RECORDED INFORMATION
────────

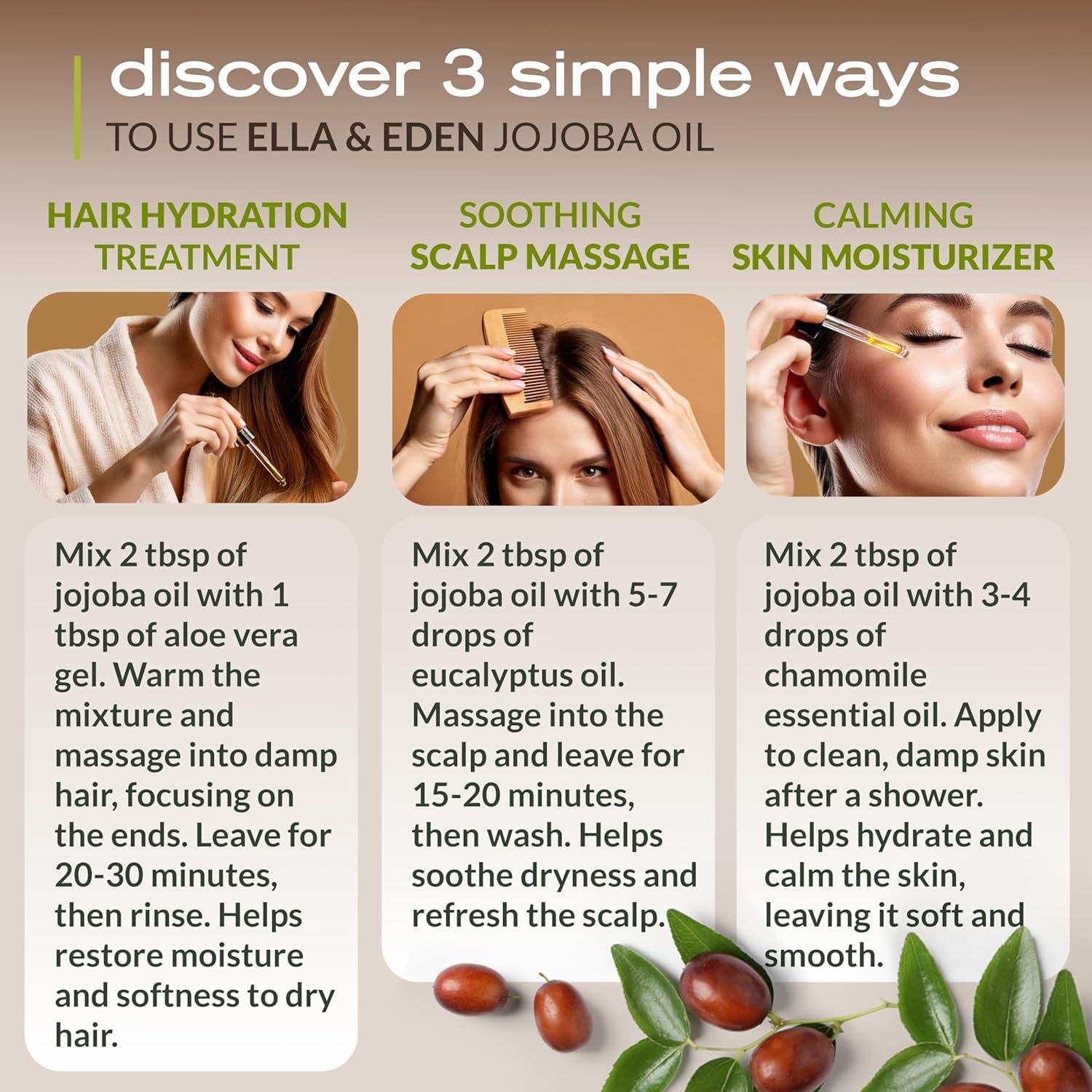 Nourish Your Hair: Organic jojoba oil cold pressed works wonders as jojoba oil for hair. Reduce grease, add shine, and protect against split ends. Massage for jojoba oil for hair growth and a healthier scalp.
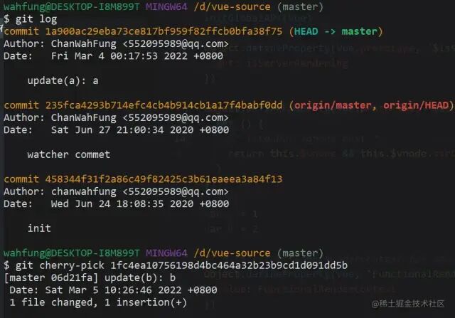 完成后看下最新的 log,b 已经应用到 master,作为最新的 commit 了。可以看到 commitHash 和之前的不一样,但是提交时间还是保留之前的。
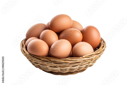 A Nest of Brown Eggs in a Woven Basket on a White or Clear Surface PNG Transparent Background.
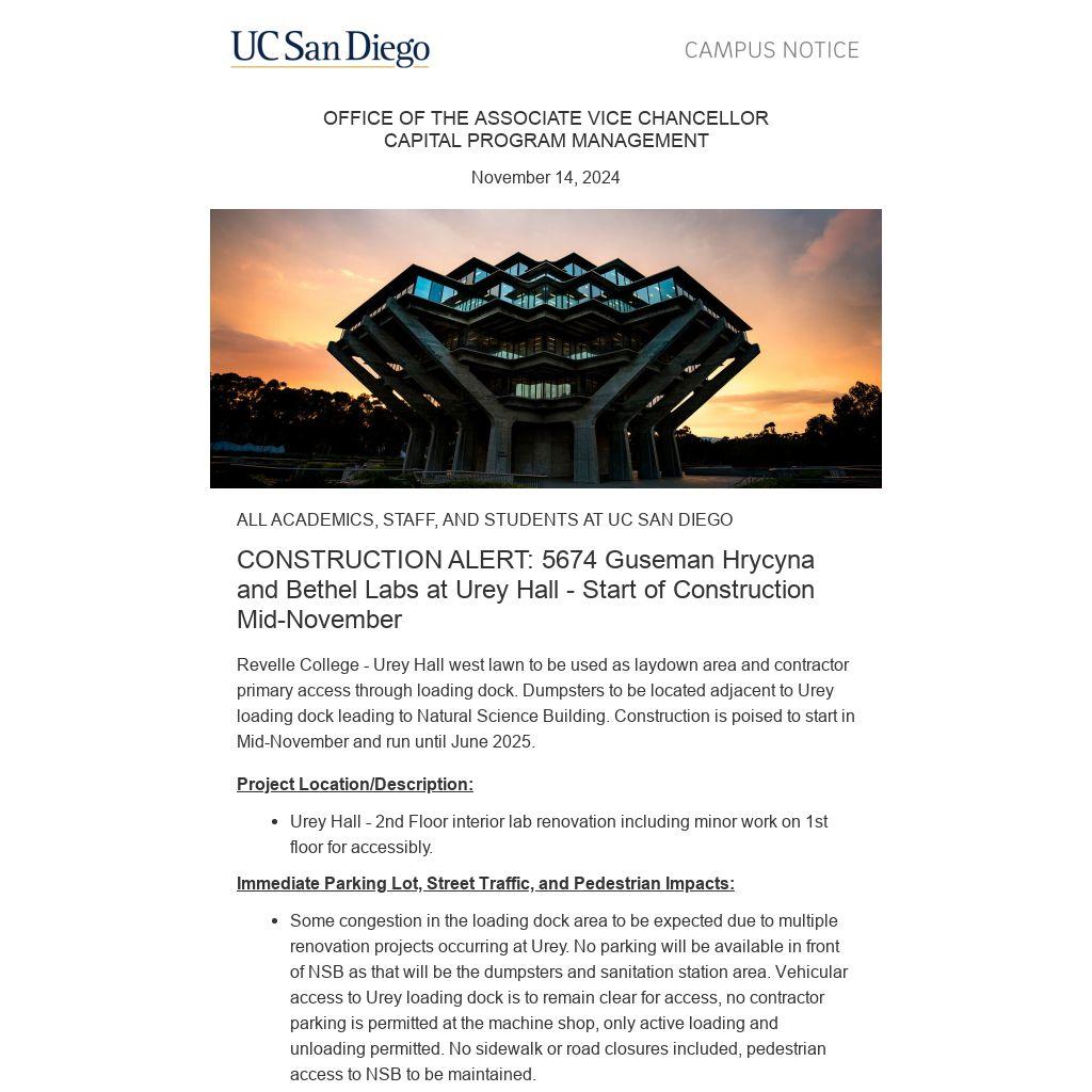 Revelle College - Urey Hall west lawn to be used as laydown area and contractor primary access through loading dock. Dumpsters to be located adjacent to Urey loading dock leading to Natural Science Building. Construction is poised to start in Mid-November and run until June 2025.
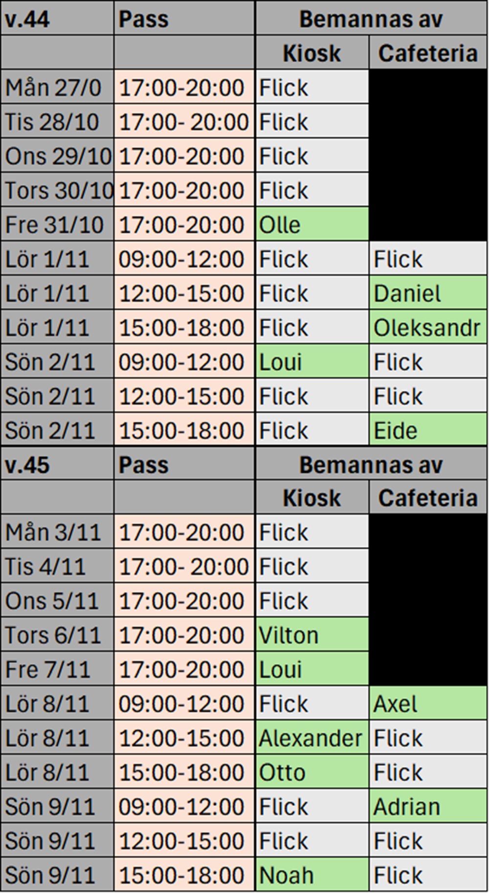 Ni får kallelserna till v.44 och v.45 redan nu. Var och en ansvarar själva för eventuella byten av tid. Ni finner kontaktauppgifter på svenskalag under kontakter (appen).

────────

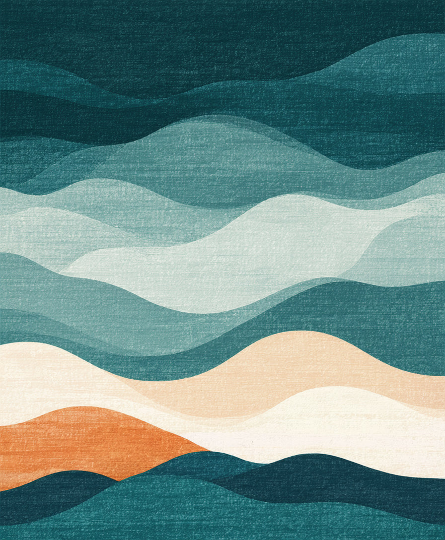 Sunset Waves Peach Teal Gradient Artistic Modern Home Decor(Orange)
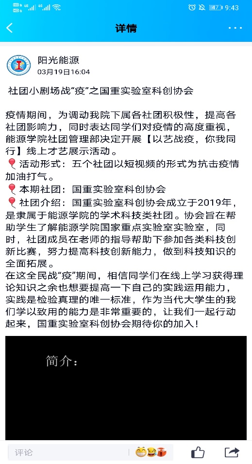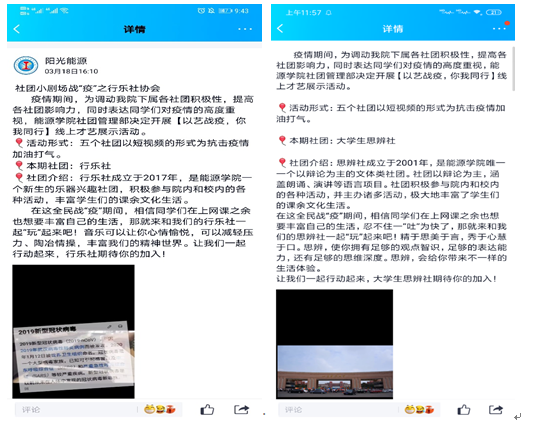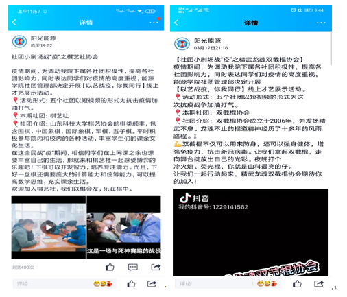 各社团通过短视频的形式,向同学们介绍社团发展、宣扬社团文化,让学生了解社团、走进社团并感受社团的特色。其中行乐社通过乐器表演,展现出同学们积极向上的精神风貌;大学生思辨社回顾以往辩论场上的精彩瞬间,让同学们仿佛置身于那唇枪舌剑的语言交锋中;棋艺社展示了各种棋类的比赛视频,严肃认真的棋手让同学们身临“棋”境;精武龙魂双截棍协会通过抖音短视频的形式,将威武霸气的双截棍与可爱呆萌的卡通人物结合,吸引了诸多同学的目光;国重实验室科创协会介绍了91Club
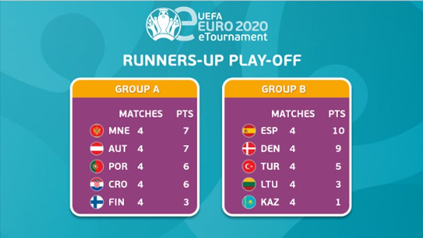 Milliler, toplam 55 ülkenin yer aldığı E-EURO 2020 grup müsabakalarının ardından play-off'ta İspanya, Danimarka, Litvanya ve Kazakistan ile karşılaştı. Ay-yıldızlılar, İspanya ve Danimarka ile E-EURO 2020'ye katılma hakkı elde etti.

────────

In the records above, find the line containing "Sunset Waves Peach" and the line containing "各社团通过短视频的形式,向同", then give both of them again word for word along with every line between. Omit any pictures.

 Sunset Waves Peach Teal Gradient Artistic Modern Home Decor(Orange)
 各社团通过短视频的形式,向同学们介绍社团发展、宣扬社团文化,让学生了解社团、走进社团并感受社团的特色。其中行乐社通过乐器表演,展现出同学们积极向上的精神风貌;大学生思辨社回顾以往辩论场上的精彩瞬间,让同学们仿佛置身于那唇枪舌剑的语言交锋中;棋艺社展示了各种棋类的比赛视频,严肃认真的棋手让同学们身临“棋”境;精武龙魂双截棍协会通过抖音短视频的形式,将威武霸气的双截棍与可爱呆萌的卡通人物结合,吸引了诸多同学的目光;国重实验室科创协会介绍了91Club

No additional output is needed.